Maslow's highest level on the hierarchy of needs.
- Self-transcendence is the final and oft forgotten peak of Maslow's pyramid.
- Before transcending yourself, however, you need to be self-actualized.
- The foundation of self-transcended people is caring for others and higher ideals.
Psychologist Abraham Maslow created what he called the hierarchy of needs, which is meant to represent the various needs and desires that make up and motivate the totality of human behavior. The hierarchy is usually shown as a pyramid, the lowest levels are basic human necessities before rising to the peak of self-actualization.
But Maslow wasn't quite finished with his system. He put forth the idea that the true peak of the pyramid is self transcendence. Maslow summed it up as follows:
"Transcendence refers to the very highest and most inclusive or holistic levels of human consciousness, behaving and relating, as ends rather than means, to oneself, to significant others, to human beings in general, to other species, to nature, and to the cosmos."
Before we can become self-transcended and learn what the traits are of self transcendence, we've got to first climb through the stages of self-actualization.
Self-actualization before self transcendence
The first stages of Maslow's pyramid consist of having our basic needs met, before dealing with our emotional issues and then finally being able to achieve our greatest potential through self-actualization.
There is a genuine degree of personal authenticity, purpose and realistic grasp on reality for someone that is self-actualized. They're usually bountiful in creative spirit and also humanitarian. Purpose is there and being fulfilled as well. You couldn't ask for much more, until that is — you transcend self itself. It also sounds quite Buddhist in nature.
The self-transcendent state isn't just a personal benefit that is good for the individual, but an important function of our global species itself. Indeed, once someone has reached their potential, they can begin using their skills, talents, and insights in service to others.
Here are some of common traits of self-transcended people.
1. A will to find meaning in their lives
Inherent to Maslow's system was that out of our own natural volition, the end goal would be to reach higher states of emotional and spiritual consciousness. There is a wide range of pursuits we push ourselves to achieve, whether it's power, love, money or something in between.
The self-transcended person seeks the meaning itself. It's a simple idea really that's been the root for many deeper theological and humanitarian sects for millennia. Those of us more naturally inclined towards becoming our greatest transcended selves seek something greater than the individual, whether it be the concept of God, or altruistically serving others.

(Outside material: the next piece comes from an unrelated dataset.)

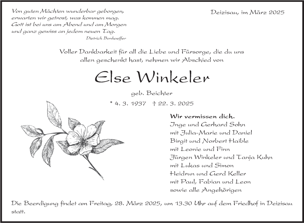 Hier finden Sie alle Traueranzeigen aus der Zeitung, die bisher für Else Winkeler erschienen sind. Weitere Traueranzeigen, die in der Zeitung erscheinen, werden hier ebenfalls aufgelistet

2. Creating something for the world
Self-transcended people engage in work to help others. This could mean using their individual (self-actualized) talent to produce some new value or goods to the society at large. This could be the work of a great polymath, or businessmen like Bill Gates and Warren Buffett pledging the majority of their fortunes onto the public good when they die.
The project doesn't need to be grandiose, but meaningfully produced by the individual. You ought to be creating something just for the sake of it. In turn it will bring happiness, growth or beauty to someone or group of people in the world.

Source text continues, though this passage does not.